Transfer Learning Systems
“Standing on the shoulders of giants isn’t just a metaphor—it’s an engineering requirement.”
1. Problem Statement
In the modern ML landscape, training a model from scratch is rarely the answer.
- Cost: Training GPT-3 costs ~$4M-$12M.
- Data: You rarely have the billions of tokens needed for pre-training.
- Efficiency: Why relearn “grammar” or “edges” when open-source models already know them?
The System Design Problem: Design a platform that allows enterprise customers to build custom classifiers (e.g., “Legal Document Classifier”, “Spam Detector”, “Code Reviewer”) using Transfer Learning, while minimizing:
- Training Time: Max 1 hour per model.
- Inference Latency: <50ms.
- Storage Cost: We cannot store 100 copies of a 100GB model (10TB) just for 100 customers.
2. Understanding the Requirements
2.1 The Math of Efficiency
Transfer Learning (TL) works by taking a Teacher Model (e.g., BERT, ResNet) trained on a massive generic dataset (Wikipedia, ImageNet) and adapting it to a specific task.
There are three main flavors, each with detailed system implications:
- Feature Extraction (Frozen Backbone):
- Run input through the Backone (BERT).
- Get the vector (embedding).
- Train a tiny Logistic Regression/MLP on top.

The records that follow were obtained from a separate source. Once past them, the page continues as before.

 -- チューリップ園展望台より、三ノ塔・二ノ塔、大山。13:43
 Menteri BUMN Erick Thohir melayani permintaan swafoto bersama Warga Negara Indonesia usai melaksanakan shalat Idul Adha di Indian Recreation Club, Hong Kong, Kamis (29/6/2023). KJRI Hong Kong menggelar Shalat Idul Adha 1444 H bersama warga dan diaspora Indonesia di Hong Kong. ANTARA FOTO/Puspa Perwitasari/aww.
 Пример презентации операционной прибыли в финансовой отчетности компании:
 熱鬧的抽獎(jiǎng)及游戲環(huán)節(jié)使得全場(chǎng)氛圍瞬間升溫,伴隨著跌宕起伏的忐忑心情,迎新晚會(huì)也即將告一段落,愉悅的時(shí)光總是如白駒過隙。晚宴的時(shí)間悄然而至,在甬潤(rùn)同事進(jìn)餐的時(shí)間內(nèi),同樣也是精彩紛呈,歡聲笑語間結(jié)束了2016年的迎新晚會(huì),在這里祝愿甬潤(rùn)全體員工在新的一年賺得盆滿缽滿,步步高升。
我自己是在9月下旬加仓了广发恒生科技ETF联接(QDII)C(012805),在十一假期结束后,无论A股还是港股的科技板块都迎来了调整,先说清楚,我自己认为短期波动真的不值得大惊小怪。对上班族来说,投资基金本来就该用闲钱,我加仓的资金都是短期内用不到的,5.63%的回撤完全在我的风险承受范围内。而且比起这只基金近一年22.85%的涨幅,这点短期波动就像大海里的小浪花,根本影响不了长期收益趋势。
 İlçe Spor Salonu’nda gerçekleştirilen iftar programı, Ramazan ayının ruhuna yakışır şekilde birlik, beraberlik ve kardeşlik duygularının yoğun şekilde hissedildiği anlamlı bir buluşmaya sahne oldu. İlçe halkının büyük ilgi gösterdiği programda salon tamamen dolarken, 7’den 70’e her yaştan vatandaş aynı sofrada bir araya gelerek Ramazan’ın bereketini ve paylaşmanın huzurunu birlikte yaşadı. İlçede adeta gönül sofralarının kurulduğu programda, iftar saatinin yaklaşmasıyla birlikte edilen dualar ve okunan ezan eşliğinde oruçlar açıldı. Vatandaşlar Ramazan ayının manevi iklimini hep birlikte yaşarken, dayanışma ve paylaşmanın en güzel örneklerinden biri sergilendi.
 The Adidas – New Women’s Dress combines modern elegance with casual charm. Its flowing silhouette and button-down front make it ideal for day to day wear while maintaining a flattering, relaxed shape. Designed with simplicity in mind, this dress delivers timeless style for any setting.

- System: Very cheap training. Sharing the backbone at inference is easy.
- Full Fine-Tuning:
- Unfreeze all weights. Update everything.
- System: Expensive training. Result is a completely new 500MB file. Hard to multi-tenant.
- Parameter-Efficient Fine-Tuning (PEFT/Adapters):
- Inject tiny trainable layers (LoRA adapters) into the frozen backbone.
- System: The “Holy Grail”. Only store 10MB diffs.
2.2 Scale Constraints
- Base Models: BERT-Large (340M params), ViT (Vision Transformer).
- Throughput: 10,000 requests/sec aggregate.
- Tenancy: 1,000+ distinct customer models active simultaneously.
3. High-Level Architecture
We need a layered architecture that separates the “Heavy Lifting” (Base Models) from the “Specific Logic” (Heads/Adapters).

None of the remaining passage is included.